The correct question to ask is, of course, what is it good at? (For bonus points, think in terms of $/task rather than simply being dominant over humans.)

atworkc · 2025-05-23T09:05:03 1747991103

"AI does badly on my test much like other AI's did before it, therefore I don't immediately see much improvement" is a fair assumption.

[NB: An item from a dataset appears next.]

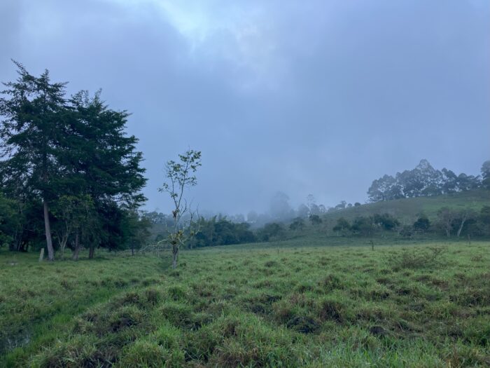 Salgo al pueblo hermoso con una vista espectacular. En el Camino Real descubro una araña grande, negra y peluda, y muy muerta. Las aves trinan y a veces es como si estuviera estoy caminando en un bosque encantado. Subo lentamente y entro una vereda. Caminar en las veredas es tan maravilloso como espantoso. Es maravilloso porque me permite ver la vida cotidiana y escuchar todas las redes de la radio, en una finca aún más fuerte que en la otra.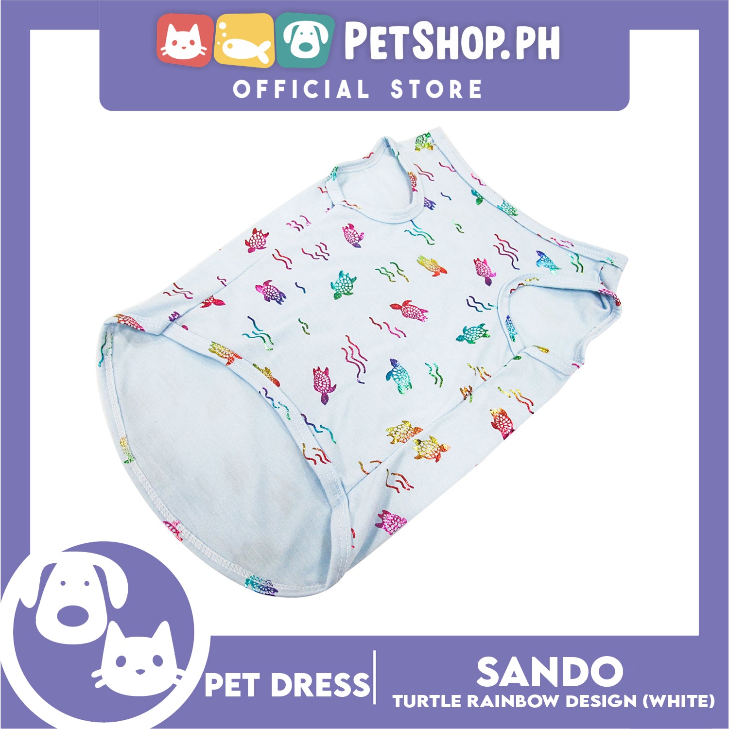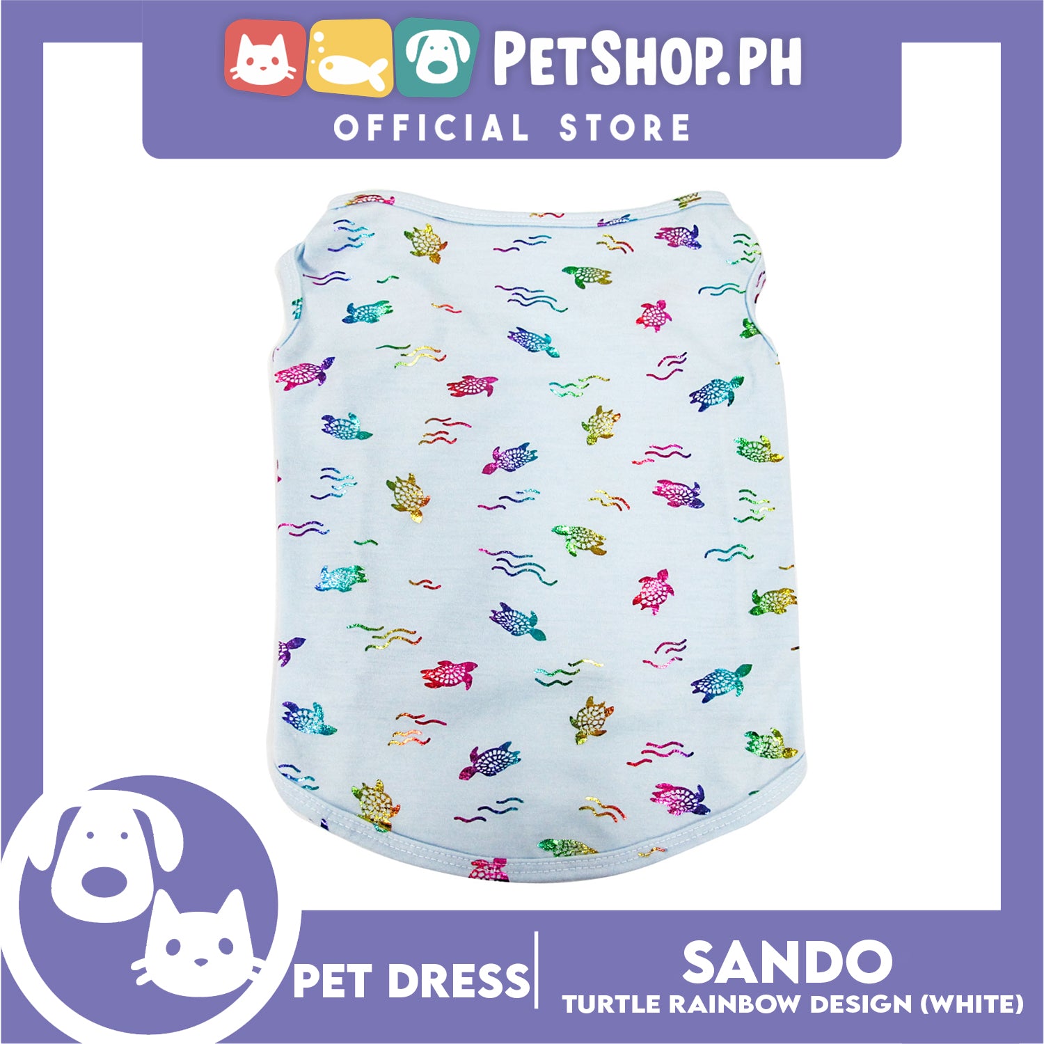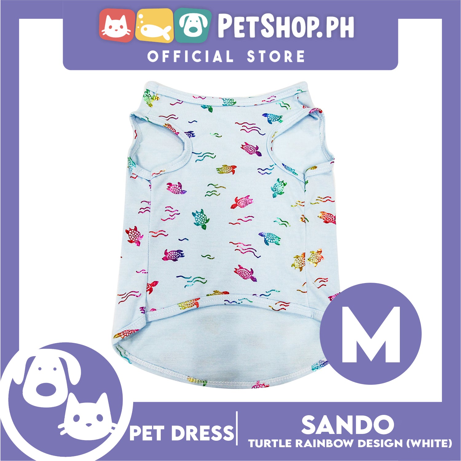Pet Shirt Sea Turtle Silky Print Rainbow Sleeveless (Medium Size) for Puppy, Small Dog and Cats- Sando Breathable Clothes, Pet T-shirt, Sweatshirt

brookst · 2025-05-23T12:52:35 1748004755

No, it’s really not.

“I used an 8088 CPU to whisk egg whites, then an Intel core 9i-12000-vk4*, and they were equally mediocre meringues, therefore the latest Intel processor isn’t a significant improvement over one from 50 years ago”

* Bear with me, no idea their current naming

Kon-Peki · 2025-05-23T16:09:37 1748016577

You’re holding them wrong. An 8088 package should be able to emulate a whisk about a million times better than an i9.

theptip · 2025-05-23T14:49:18 1748011758

“Human can’t fly, much like other humans. Therefore it’s bad”

Spot the problem now?

AI capabilities are highly jagged, they are clearly superhuman in many dimensions, and laughably bad compared to humans in others.

illegally · 2025-05-23T10:46:19 1747997179

Yes.

They just need to put out a simple changelog for these model updates, no need to make a big announcement everytime to make it look like it's a whole new thing. And the version numbers are even worse.

flixing · 2025-05-22T19:53:45 1747943625

i think you are.

go_elmo · 2025-05-22T19:54:05 1747943645

I feel like the model making a memory file to store context is more than a gimmick, no?

make3 · 2025-05-22T21:18:44 1747948724

the increases are not as fast, but they're still there. the models are already exceptionally strong, I'm not sure that basic questions can capture differences very well

hsn915 · 2025-05-22T21:35:01 1747949701

Hence, "plateau"

j_maffe · 2025-05-22T21:41:19 1747950079

"plateau" in the sense that your tests are not capturing the improvements. If your usage isn't using its new capabilities then for you then effectively nothing changed, yes.

rxtexit · 2025-05-23T11:10:24 1747998624

"I don't have anything to ask the model, so the model hasn't improved"

Brilliant!

I am pretty much ready to be done talking to human idiots on the internet. It is just so boring after talking to these models.

neal_ · 2025-05-23T11:41:19 1748000479

make3 · 2025-05-23T02:47:44 1747968464

plateau means stopped

camdenreslink · 2025-05-23T12:39:19 1748003959

It could mean improving more and more slowly all the time, approaching an asymptote.